Provision is made in the Health Protection Act 2020 for key workers to access childcare or education services.

Under the heading “reasonable excuse” for leaving home, it states: “Childcare or educational facilities (where these are still available to a child in relation to whom that person is the parent, or has parental responsibility for, or care of the child).”

Mr Johnson said people should not meet family members who do not live with them.

The rule on meeting family was unequivocal.

It stated: “You should not be visiting family members who do not live in your home.

“You should keep in touch with them using phone or video calls.”

It did not say family could look after children if parents were unable to do so.

It was also clear on travel to holiday homes or caravans, people were not permitted to stay overnight anywhere other than their main home.

“Leaving your home – the place you live – to stay at another home is not allowed,” it said.

Only in exceptional circumstances were people allowed to attend relatives’ addresses; for example, to drop off food or medicine to their door.

However, Dr Jenny Harries said at the daily Downing Street press briefing on March 24 that a small child could be considered “vulnerable”.

“Clearly if you have adults who are unable to look after a small child, that is an exceptional circumstance,” she said.

“And if the individuals do not have access to care support – formal care support – or to family, they will be able to work through their local authority hubs.”

Even now the lockdown rules have been relaxed slightly, visiting friends or family in their own homes is still off limits.

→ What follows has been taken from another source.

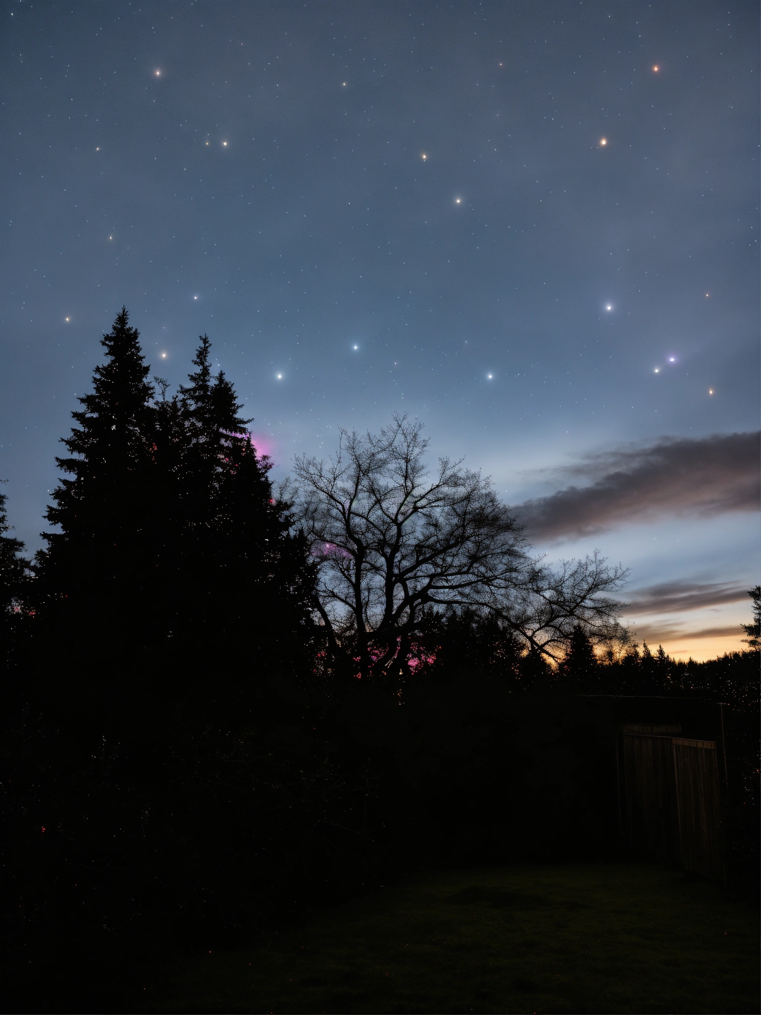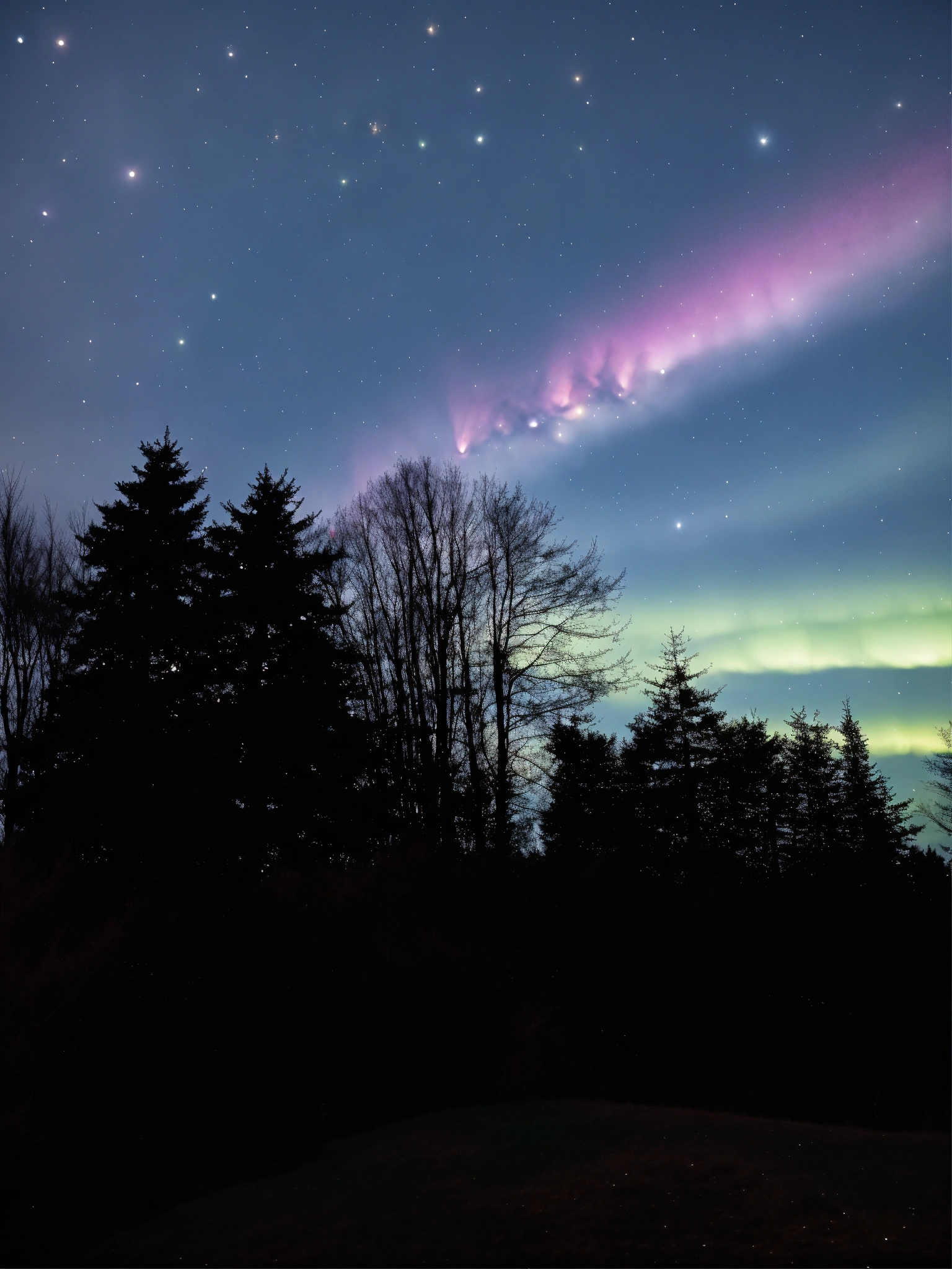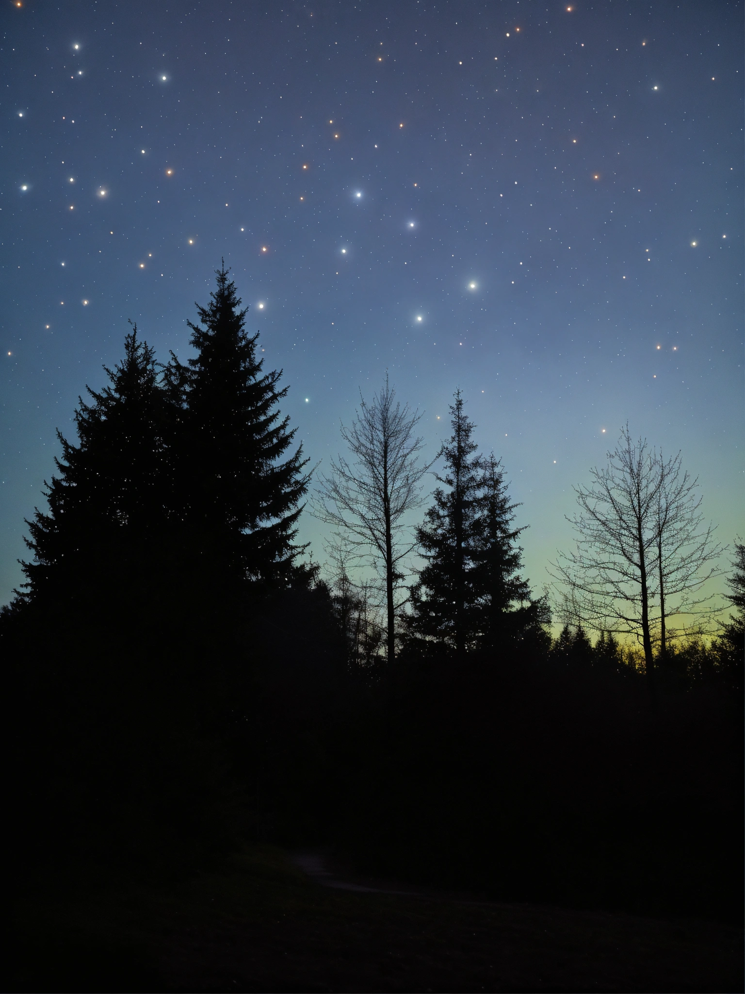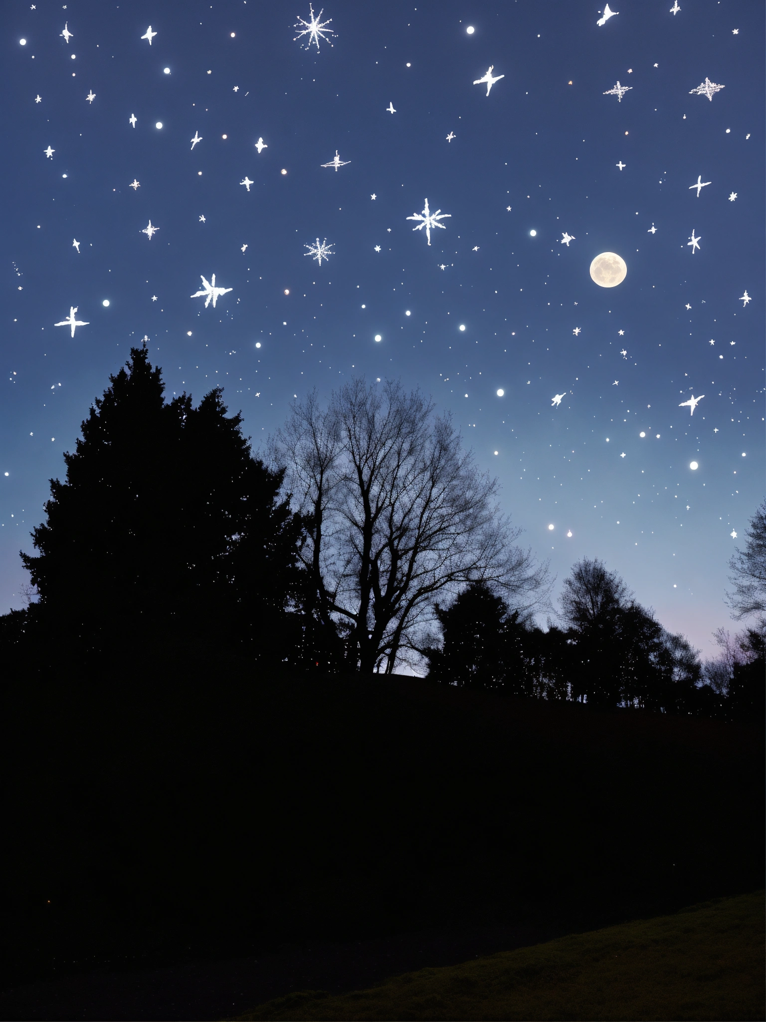 Christmas-coloured night skies with celestial bodies in the sky and silhouettes of trees

The current guidance states: “As with before, you cannot visit friends and family in their homes.”

The Government guidance also said: “We are advising those who are at increased risk of severe illness from coronavirus (Covid-19) to be particularly stringent in following social distancing measures.

“This group includes those who are aged 70 or older (regardless of medical conditions).”

It added: “If you are showing coronavirus symptoms, or if you or any of your household are self-isolating, you should stay at home – this is critical to staying safe and saving lives.”

Downing Street previously confirmed that Mr Cummings had started displaying coronavirus symptoms “over the weekend” of March 28 and 29.

Dominic Cummings
Dominic Cummings had started displaying coronavirus symptoms over the weekend of March 28 and 29 (David Mirzoeff/PA)

“The 14-day period starts from the day when the first person in the house became ill.”

In a statement on Saturday, Number 10 acknowledged Mr Cummings’ wife Mary Wakefield had symptoms of coronavirus when the family decided to travel.

“Owing to his wife being infected with suspected coronavirus and the high likelihood that he would himself become unwell, it was essential for Dominic Cummings to ensure his young child could be properly cared for,” a spokesman said.